→ **RECORDS SHOWN**
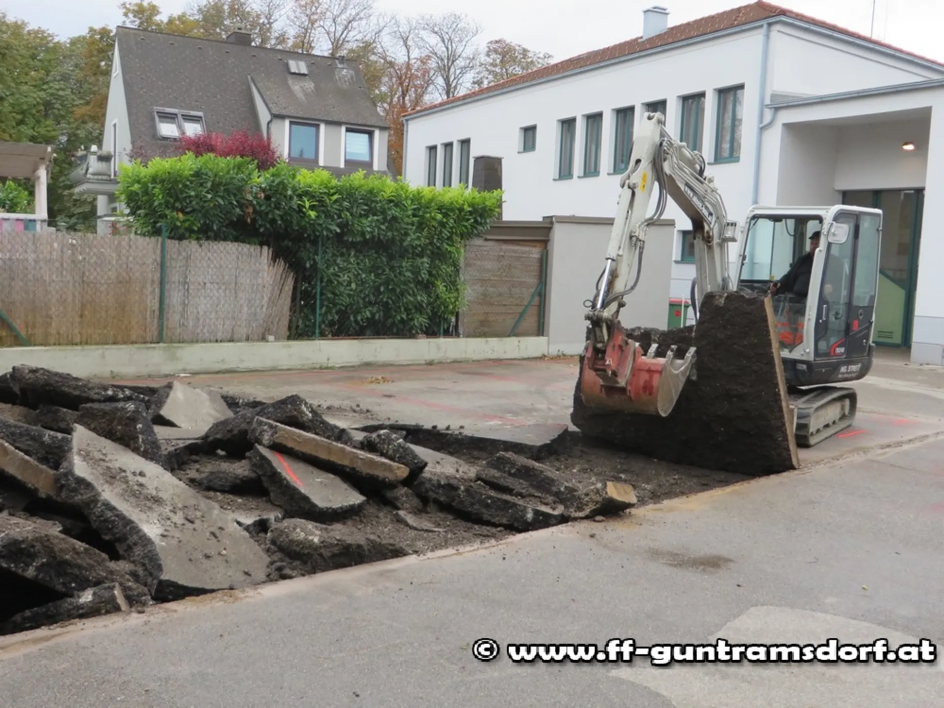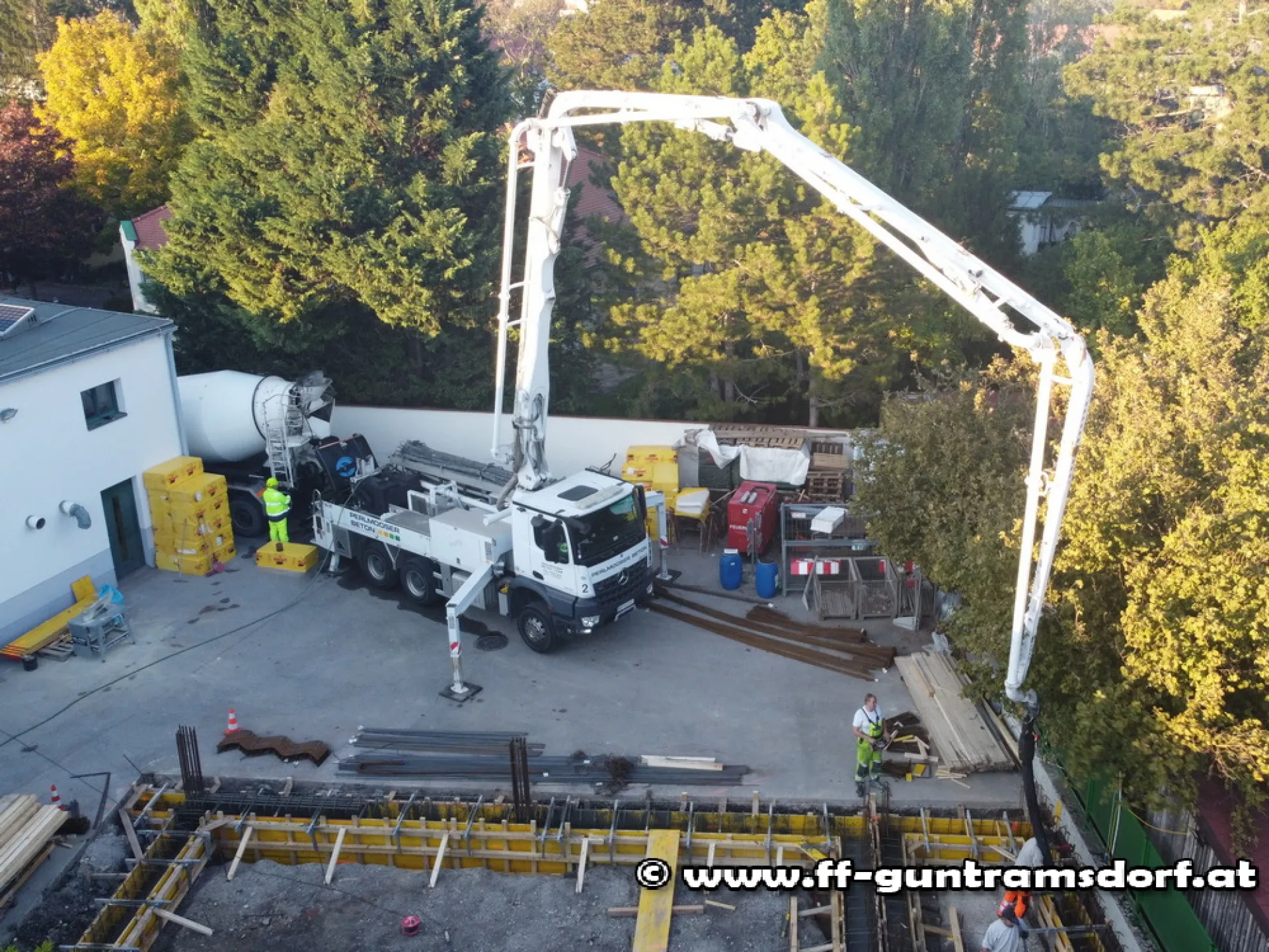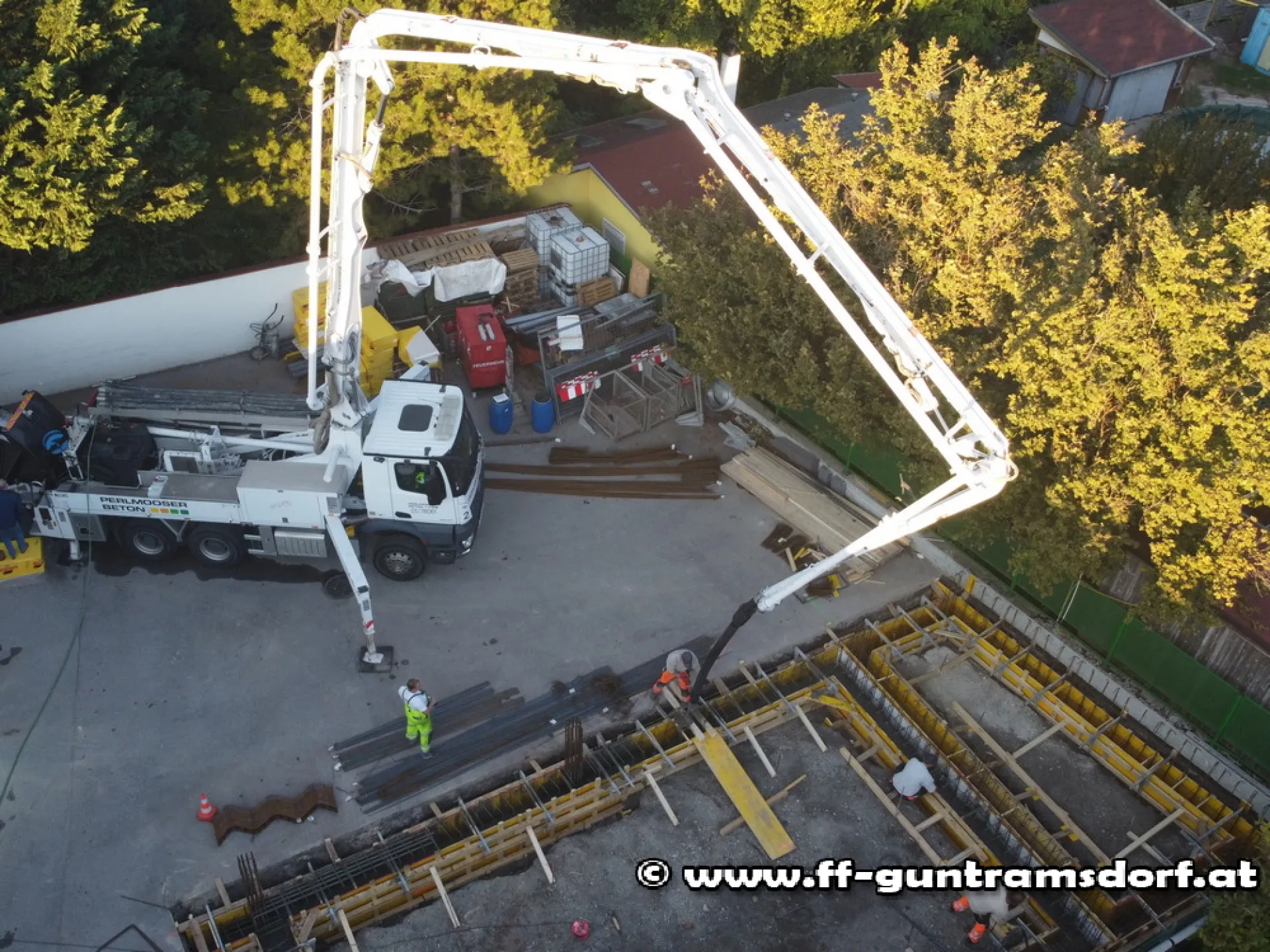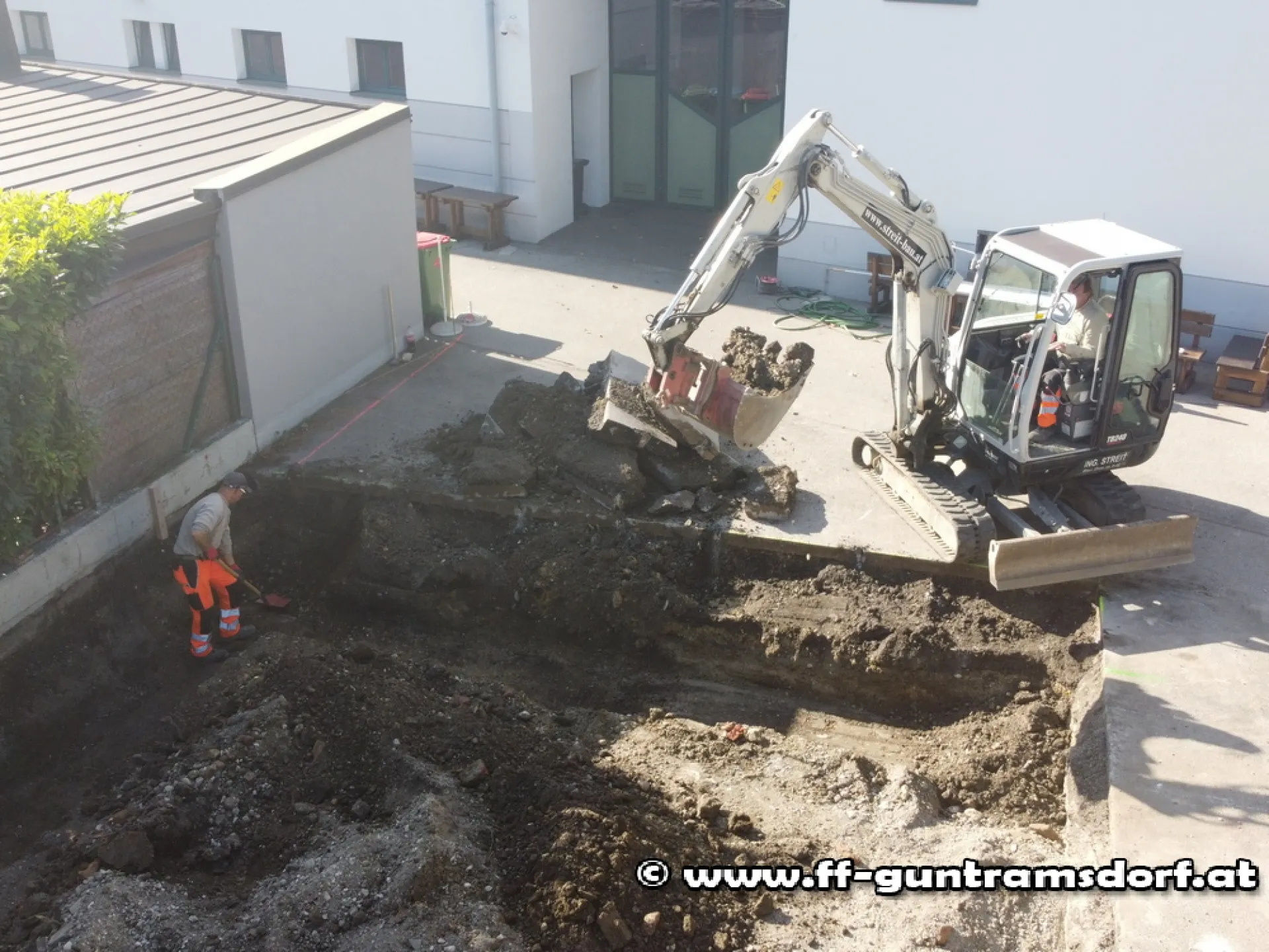 Innerhalb von zwei Wochen wurden für das neue Gebäude der Asphalt abgetragen, der Aushub für das Fundament durchgeführt, die Schalung gesetzt, Eisen eingebracht und schließlich das Fundament betoniert.
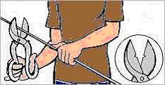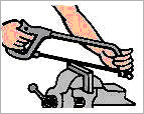 Utilizar la sierra cogiendo el mango con la mano derecha quedando el dedo pulgar en la parte superior del mismo y la mano izquierda el extremo opuesto del arco. El corte se realiza dando a ambas manos un movimiento de vaivén y aplicando presión contra la pieza cuando la sierra es desplazada hacia el frente dejando de presionar cuando se retrocede. (Fig. 14)
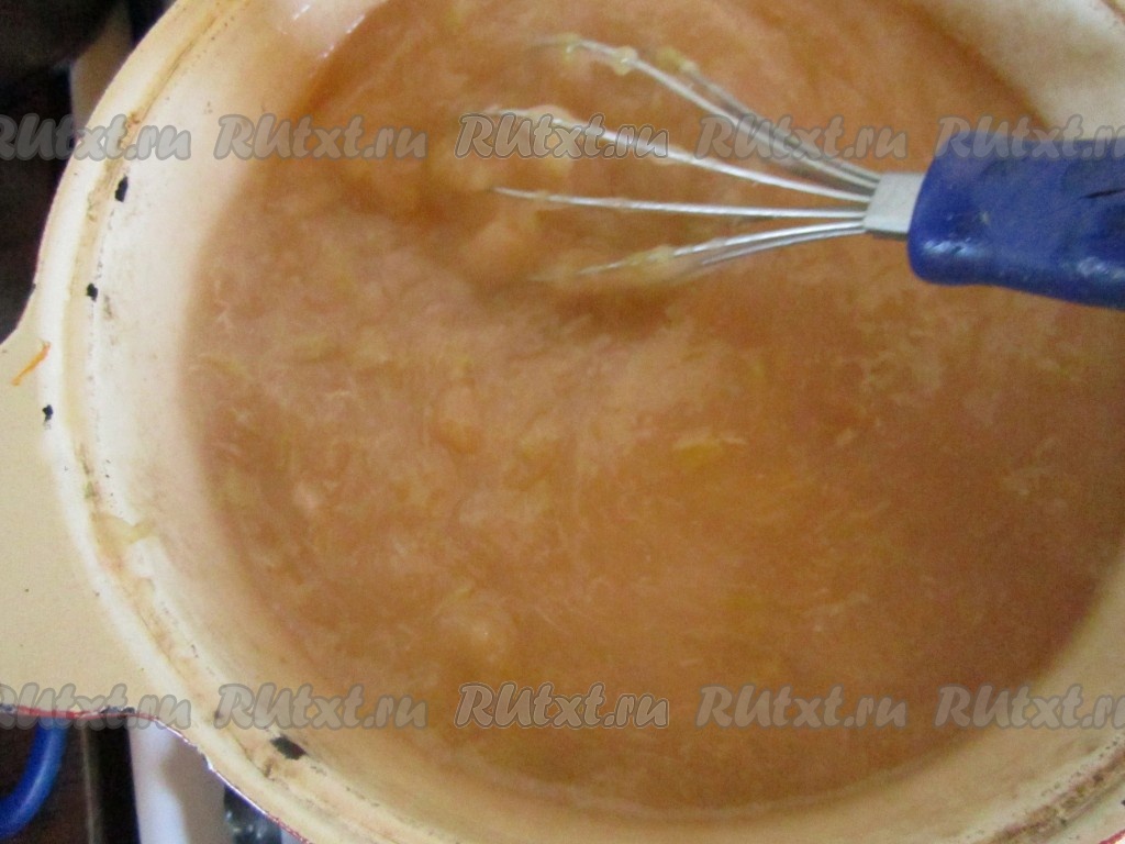 Быстро перемешивая, тонкой струйкой вливаем крахмал с водой в кастрюлю с кипящей фруктовой массой. При постоянном помешивании снова доводим кисель до кипения и варим ёще 1 минуту.
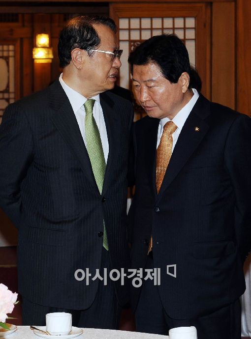 [아시아경제 이재문 기자] 22일 오전 서울 삼청동 총리공관에서 열린 고위당정협의회에서 정정길 대통령실장과 안상수 원내대표가 대화를 나누고 있다.
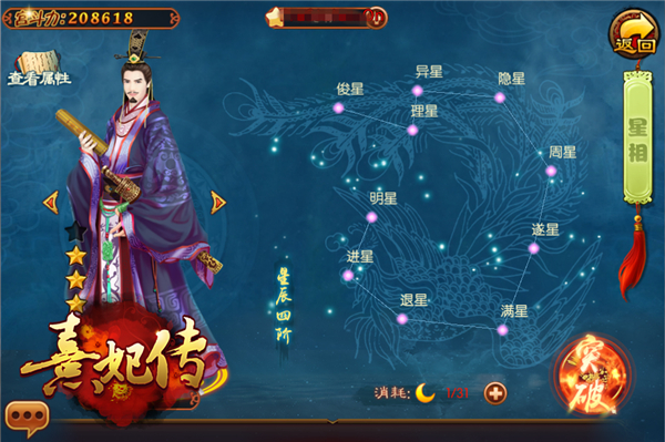 观星得星辰之力,可用来点亮星辰,为随从带来各方面属性的大幅提升(随从星相不适用于主角角色)。依据所点亮星辰的不同,获得的属性加成自然也不同。当完成一阶的点星后,随从将面临点星突破升阶。此时则需要星辰本源进行突破,如若小主此时已攒够突破材料,则可以进行突破。反之,则需再接再厉,刷取更多点星材料。
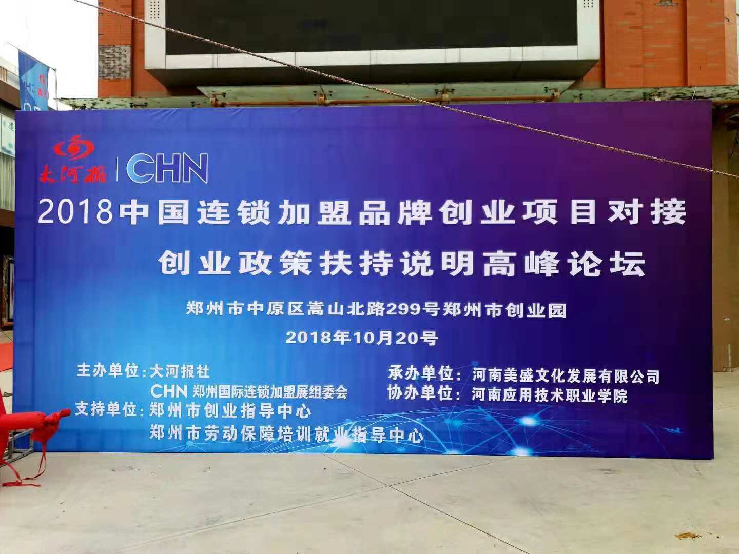 10月20日,由河南日报报业集团大河报社,郑州市人社局创业指导中心,CHN郑州国际连锁加盟博览会联合主办,河南美盛文化发展有限公司承办,kaiyun登录中国入口登录商贸学院协办的“2018中国连锁加盟创业项目对接及创业扶持政策说明高峰论坛”,在郑州市创业园区隆重举办。
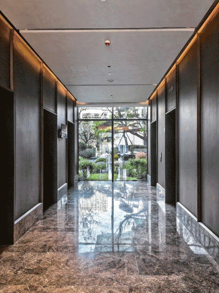 就连电梯内部,也有百达翡绿奢石“武装”,候梯时,亦可透过落地玻璃窗欣赏窗外风景!
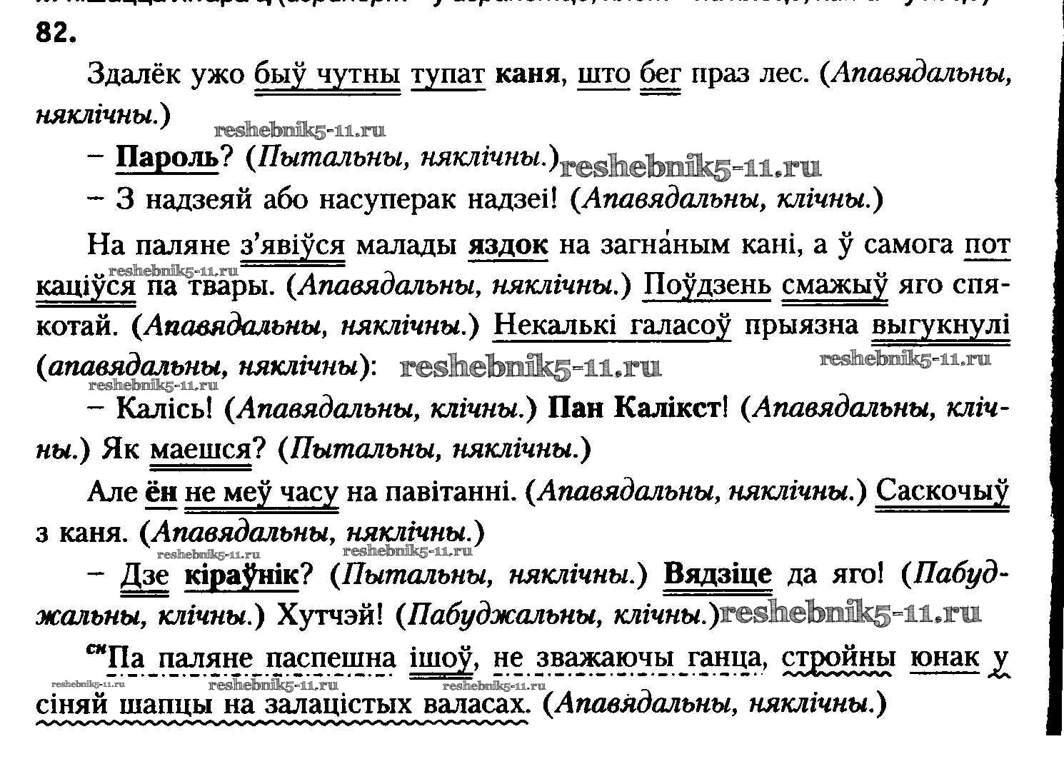 Готовая домашняя работа с ответами по Белорусскому языку за 8 класс Бадзевіч, Саматыя Учебник Национальный институт образования 2015 ФГОС - Упражнения 82

→ **BRIEF**
The records above should be returned exactly, with only their pictures held back.

→ **OUTPUT**
 Innerhalb von zwei Wochen wurden für das neue Gebäude der Asphalt abgetragen, der Aushub für das Fundament durchgeführt, die Schalung gesetzt, Eisen eingebracht und schließlich das Fundament betoniert.
 Utilizar la sierra cogiendo el mango con la mano derecha quedando el dedo pulgar en la parte superior del mismo y la mano izquierda el extremo opuesto del arco. El corte se realiza dando a ambas manos un movimiento de vaivén y aplicando presión contra la pieza cuando la sierra es desplazada hacia el frente dejando de presionar cuando se retrocede. (Fig. 14)
 Быстро перемешивая, тонкой струйкой вливаем крахмал с водой в кастрюлю с кипящей фруктовой массой. При постоянном помешивании снова доводим кисель до кипения и варим ёще 1 минуту.
 [아시아경제 이재문 기자] 22일 오전 서울 삼청동 총리공관에서 열린 고위당정협의회에서 정정길 대통령실장과 안상수 원내대표가 대화를 나누고 있다.
 观星得星辰之力,可用来点亮星辰,为随从带来各方面属性的大幅提升(随从星相不适用于主角角色)。依据所点亮星辰的不同,获得的属性加成自然也不同。当完成一阶的点星后,随从将面临点星突破升阶。此时则需要星辰本源进行突破,如若小主此时已攒够突破材料,则可以进行突破。反之,则需再接再厉,刷取更多点星材料。
 10月20日,由河南日报报业集团大河报社,郑州市人社局创业指导中心,CHN郑州国际连锁加盟博览会联合主办,河南美盛文化发展有限公司承办,kaiyun登录中国入口登录商贸学院协办的“2018中国连锁加盟创业项目对接及创业扶持政策说明高峰论坛”,在郑州市创业园区隆重举办。
 就连电梯内部,也有百达翡绿奢石“武装”,候梯时,亦可透过落地玻璃窗欣赏窗外风景!
 Готовая домашняя работа с ответами по Белорусскому языку за 8 класс Бадзевіч, Саматыя Учебник Национальный институт образования 2015 ФГОС - Упражнения 82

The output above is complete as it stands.